Mohammed, 18, a physics associate degree graduate, and now a student of the bachelor’s degree programme in computer science at UG, is writing his first novel which has similar dark themes to his short stories.
“However, it is more broad in its spectrum. It delves into the human experience, artificial intelligence, and what humanity means in terms of connection and connectivity,” he said. “I’m really trying to take my time with it, perfecting it as I see fit because it is dealing with a lot of heavy existential topics that necessitate prudence and attention to details. It is set in a fictional world parallel to our own where things and technology have taken a different path, yet mirroring technology’s current path with artificial intelligence.”
His 2023 winning entry, “At the Bottom of the Sea”, deals with Mohammed’s own struggles with isolation and loneliness and how he eventually came to grips with what he was searching for.
“It is a story of self-realisation, reflection, introspection and the importance of hope and perseverance,” he said.
The story outlines the events following the abandonment of someone on a deserted island to man a lighthouse.

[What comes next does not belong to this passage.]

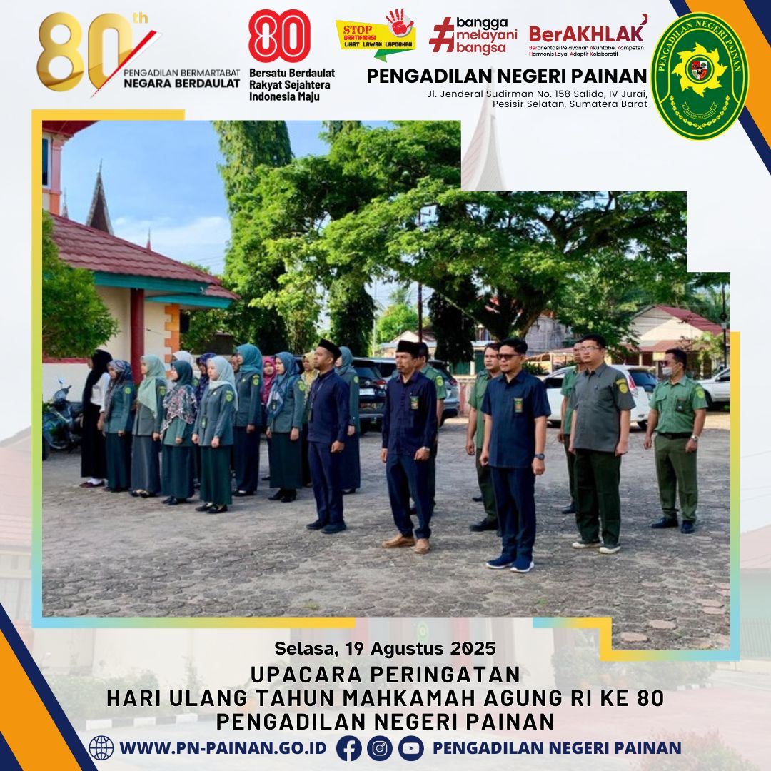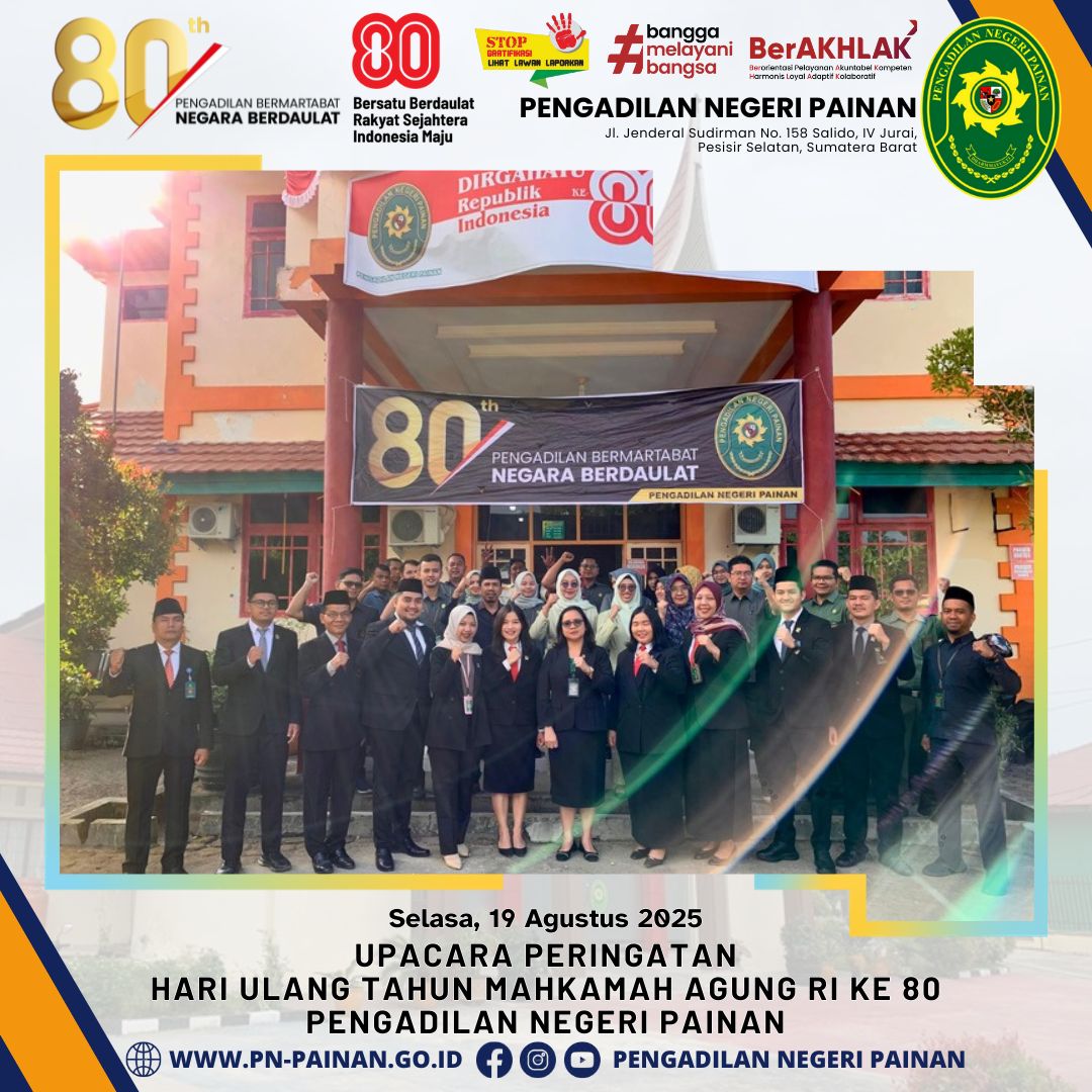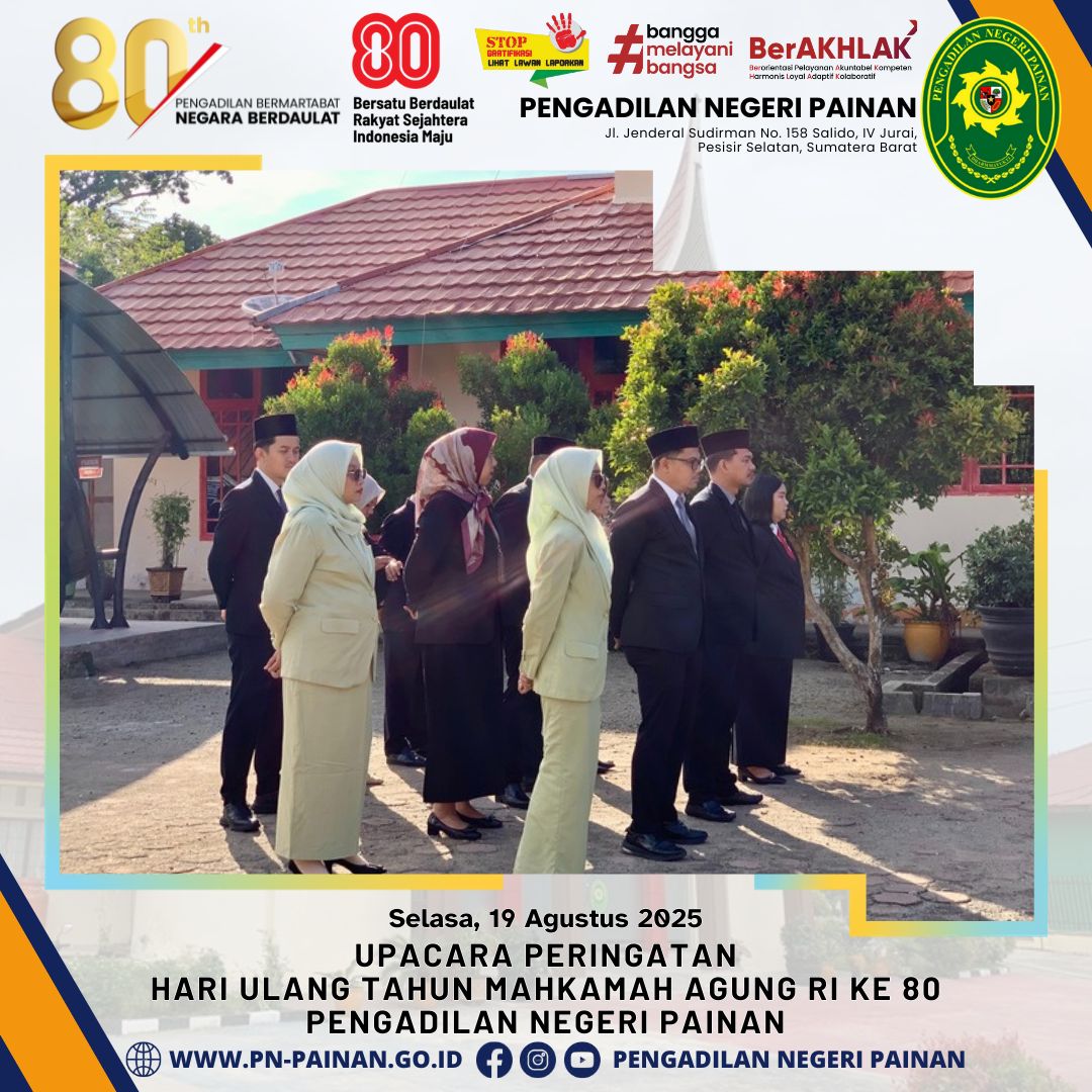 Pengadilan Negeri Painan melaksanakan Upacara Peringatan Hari Ulang Tahun Mahkamah Agung Republik Indonesia ke 80 yang berlangsung dengan khidmat di halaman kantor Pengadilan Negeri Painan.

“I was going through a bit of a bad time in my life so I expressed that through writing this story as a means to try to inspire myself to regain that spark I needed. In a way I was vicariously living through this character. I believe I accomplished a great deal of selfrealisation writing this character because the more I wrote, the more I felt I understood myself,” he said.

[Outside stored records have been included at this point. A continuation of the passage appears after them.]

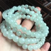 相对于翡翠手镯,翡翠手串没有那么常见,但
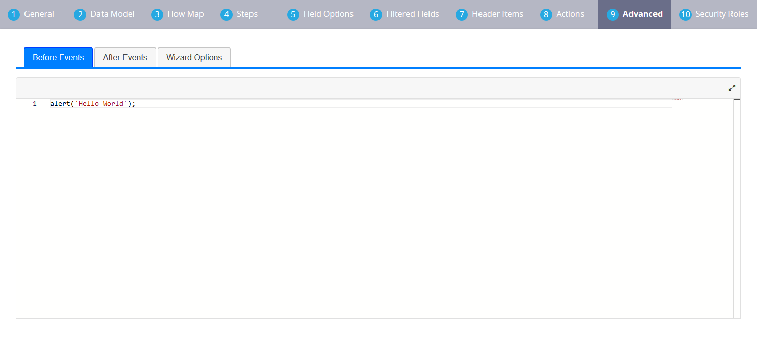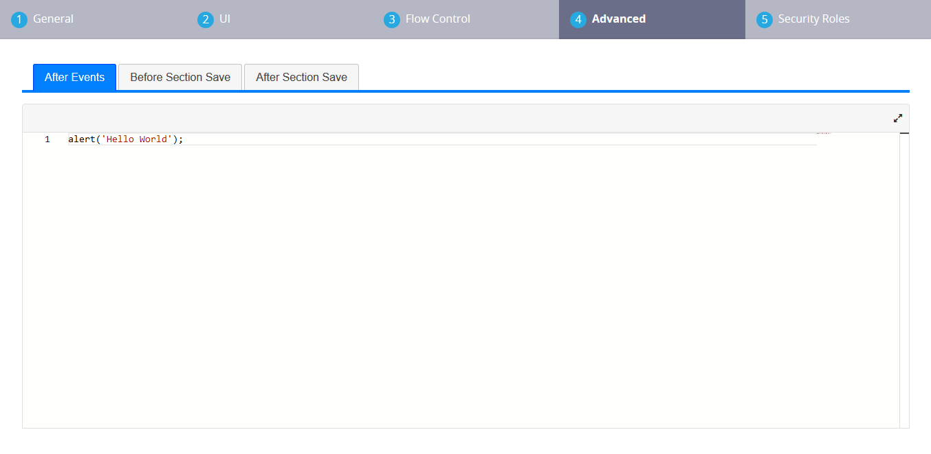 The code in the Before Section Save and After Section Save tabs will run when you advance either to the next step in the wizard (click the Next button) or, if this is the final step in the flow, you conclude the wizard (click the Finish button). This allows you to run distinct operations before and after the step's data is committed to the database.
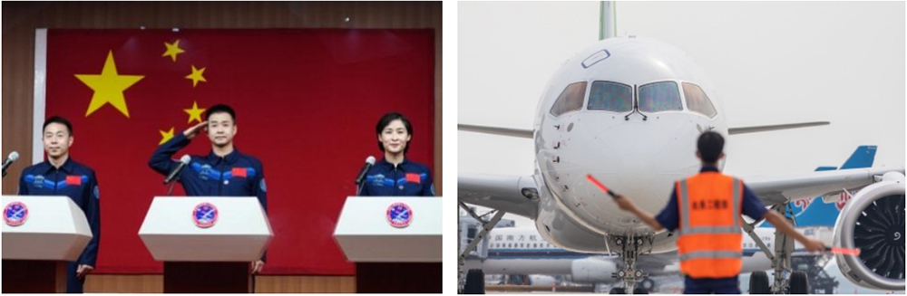 习近平总书记说,发展航天事业,建设航天强国,是我们不懈努力追求的航天梦。十八大以来中国航天坚定道路自信,把科技自立自强作为航天事业发展的战略支撑,在核心关键领域实现密集突破。宿东的作品《神舟十四号出征太空(组照)》表现的是,2022年6月5日10时44分神舟十四号载人飞船升空,成功将载有陈冬、刘洋、蔡旭哲三名航天员送入预定轨道,标志着我国航天事业跨入世界最先进的行列。陈松的作品《国产大飞机翱翔蓝天(组照)》中,C919大型客机是我国按照国际民航规章自行研制、具有自主知识产权的大型喷气式民用飞机,2022年5月14日中国商飞公司交付的首架C919大飞机飞行试验圆满完成,把我国民用航空事业推向新的高度,预示着大飞机国产化时代即将开启,将彻底打破西方垄断制约的航天格局。
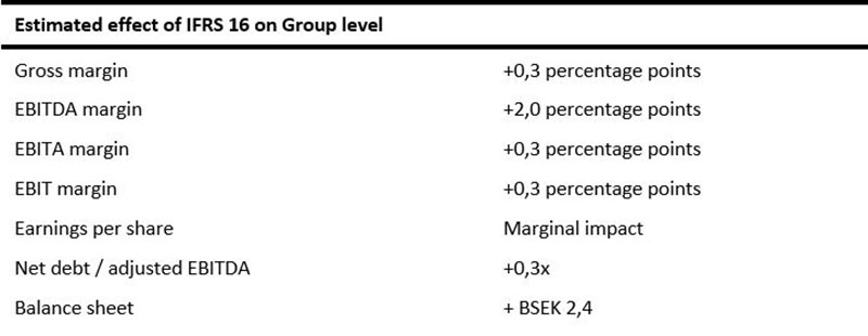 In addition, Ahlsell will provide an update on the estimated effect of the new IFRS 16 regulatory framework on financial reporting when the framework is introduced in January 2019. The reporting for segments, Sweden, Norway, Finland, Denmark, Other and Central, will not be affected. Adjustments following IFRS 16 will only be made at Group level.
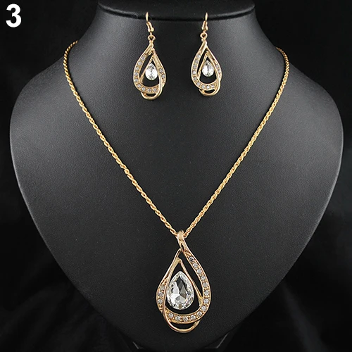 Best Banquet Party Jewelry Set Waterdrop Crystal Stone Earrings Pendant Necklace Golden Chain dubai jewe
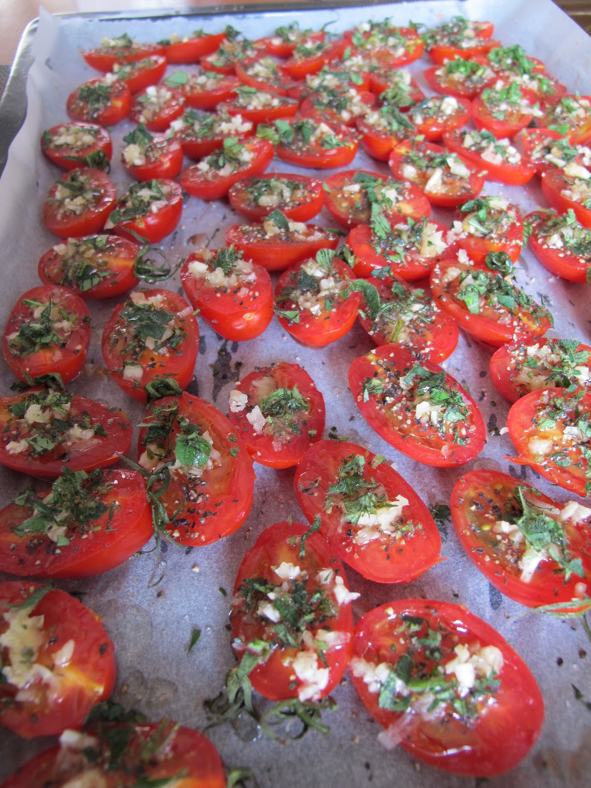 -每個蕃茄表面撒上海鹽,研磨胡椒粉,糖.蒜頭切成碎末撒上,奧勒岡也相同切碎放置餘蕃茄上面, 最後,用橄欖油淋上.
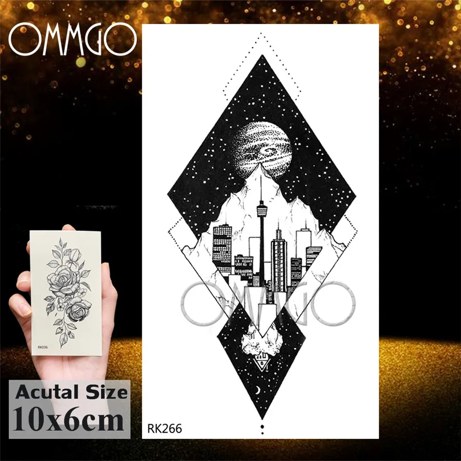 Временные татуировки OMMGO Galaxy, геометрические, пиковые, Звёздные, круглые, поддельные тату, луна, черные, на заказ, тату для женщин и мужчин, боди-арт
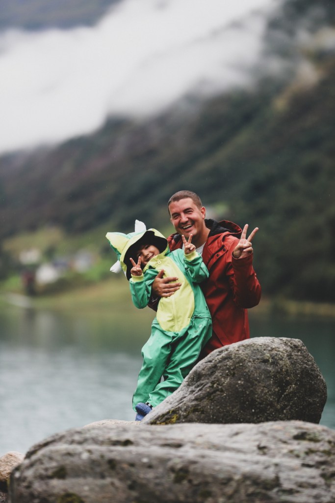 Ne era dor de o zi de stat degeaba, chiar daca avusesem una similara si in urma cu doua zile, in campingul Flam. Insa aici, la Gryta Camping… era ATAT DE FRUMOS totul, incat pur si simplu voiam sa stam. Sa ne facem un ceai, sa stam in ploaie cu pelerinele pe noi, sa ne uitam la apa turcoaz (era turcoaz chiar si pe vremea aceea ploioasa si intunecata, nu imi pot imagina cum ar fi aratat cu soare), sa ne uitam la copii cum se joaca in ploaie si sa ne bucuram de privelistea incredibila cu ghetarul in dreapta noastra. Locatia acestui camping este un vis frumos. Si daca ar fi sa aleg un singur loc din Norvegia in care sa ma teleportez acum, fara sa stau nicio secunda pe ganduri, as zice Gryta Camping. Acolo jos, langa micul “debarcader”, cu barci, hidrobiciclete si sup-uri 🙂 De altfel asta am si facut intreaga zi. Am stat in locul acela, langa apa, am dormit si ne-am relaxat. Iar ploaia, desi insistenta, a fost perfecta. Nici ca putea contura mai bine imaginea frumoasa a acestui loc. Cand a parut ca se mai opreste un pic din intensitate, ne-am incumetat sa luam o hidrobicicleta toti patru (erau incluse in costul camparii, primeam si veste pentru fiecare in parte) si am mers in larg. Cat de frumos se vedea ghetarul si de acolo, din mijlocul apei!

The day before the awards ceremony Mohammed was robbed and physically assaulted. While it dampened his spirits a bit he chalked it up to experience and the other side of humanity “I put most of my efforts into my short story, so much so that it went over the word limit for the competition that I had to break it down to its most essential features.”
His entry in the 2022 short story category was “So Does it Stare Back?” His winning poem last year was “Blood and Oil.’ His poem was shortlisted in the 2023 competition.
Ruth Osman
Osman won the first prize in the Best First Book of Poetry and the second prize in the Best Overall Book of Poetry with her collection, “All Made of Longing”. This was her first foray into the Guyana Prize, and she did not expect any win. At the most she thought she might have been longlisted or shortlisted.

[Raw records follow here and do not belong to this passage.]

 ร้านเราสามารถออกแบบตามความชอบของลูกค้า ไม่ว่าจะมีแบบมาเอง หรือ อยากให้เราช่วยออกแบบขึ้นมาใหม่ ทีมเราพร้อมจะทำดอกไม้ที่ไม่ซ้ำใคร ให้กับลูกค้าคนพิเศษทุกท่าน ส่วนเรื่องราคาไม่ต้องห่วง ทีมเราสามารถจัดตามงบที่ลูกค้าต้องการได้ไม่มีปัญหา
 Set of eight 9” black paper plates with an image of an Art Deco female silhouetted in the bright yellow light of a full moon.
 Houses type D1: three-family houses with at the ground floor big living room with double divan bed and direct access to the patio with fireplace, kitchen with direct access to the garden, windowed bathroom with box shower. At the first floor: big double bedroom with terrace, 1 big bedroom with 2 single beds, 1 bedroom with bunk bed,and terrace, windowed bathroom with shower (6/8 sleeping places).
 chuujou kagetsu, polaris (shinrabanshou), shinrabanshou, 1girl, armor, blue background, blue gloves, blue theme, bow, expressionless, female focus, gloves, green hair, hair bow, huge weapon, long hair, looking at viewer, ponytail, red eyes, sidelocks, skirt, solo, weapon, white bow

“The Guyana diaspora is huge with people there who would submit their works. I felt my chances of actually winning were pretty slim,” she said.
Ian McDonald won Best Overall Book of Poetry. “I grew up reading McDonald’s poetry,” she said. “I studied his work in high school and at university. For me to even imagine that my first book of poetry placed second just after his was almost unbelievable.”
Moving forward, Osman, a singer/ songwriter, plans to release by year end, a hybrid album in which some of the poems from her winning collection, “All Made of Longing” will be set to music. “I will sing while the band plays the music, then I will recite a poem and then I will sing again. That’s a track,” she said.
She works with a group of musicians in Trinidad that include musical director Wayne Guerra, percussionist Sheena Richardson, jazz guitarist Theron Shaw, drummer Makesi Joseph, bassist Clint Harewood, singers/songwriters Karla Gonzales and Gerelle Forbes. Apart from being musicians they are all artists with their own careers.
During Covid-19 when she could not meet with the band, she started to write poetry again as an outlet for her creativity. Osmn has written poetry since her childhood, but her focus was on music.